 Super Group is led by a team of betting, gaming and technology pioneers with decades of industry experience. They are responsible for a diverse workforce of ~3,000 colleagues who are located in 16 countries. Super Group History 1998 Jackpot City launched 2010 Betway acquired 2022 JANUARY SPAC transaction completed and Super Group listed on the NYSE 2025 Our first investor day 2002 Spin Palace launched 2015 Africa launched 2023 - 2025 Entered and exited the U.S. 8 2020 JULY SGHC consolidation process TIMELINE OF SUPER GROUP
══════════════════════════════
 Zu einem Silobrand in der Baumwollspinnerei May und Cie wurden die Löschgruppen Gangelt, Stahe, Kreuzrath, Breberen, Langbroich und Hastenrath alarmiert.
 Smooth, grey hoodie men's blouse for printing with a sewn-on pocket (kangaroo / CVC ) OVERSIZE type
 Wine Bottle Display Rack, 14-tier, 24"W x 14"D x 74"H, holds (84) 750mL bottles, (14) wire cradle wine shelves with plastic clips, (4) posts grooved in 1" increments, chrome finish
══════════════════════════════
§ What the exercise asks
Tell how many lines in the material contain the string "with". Nothing but the number is needed.

§ Answer section
3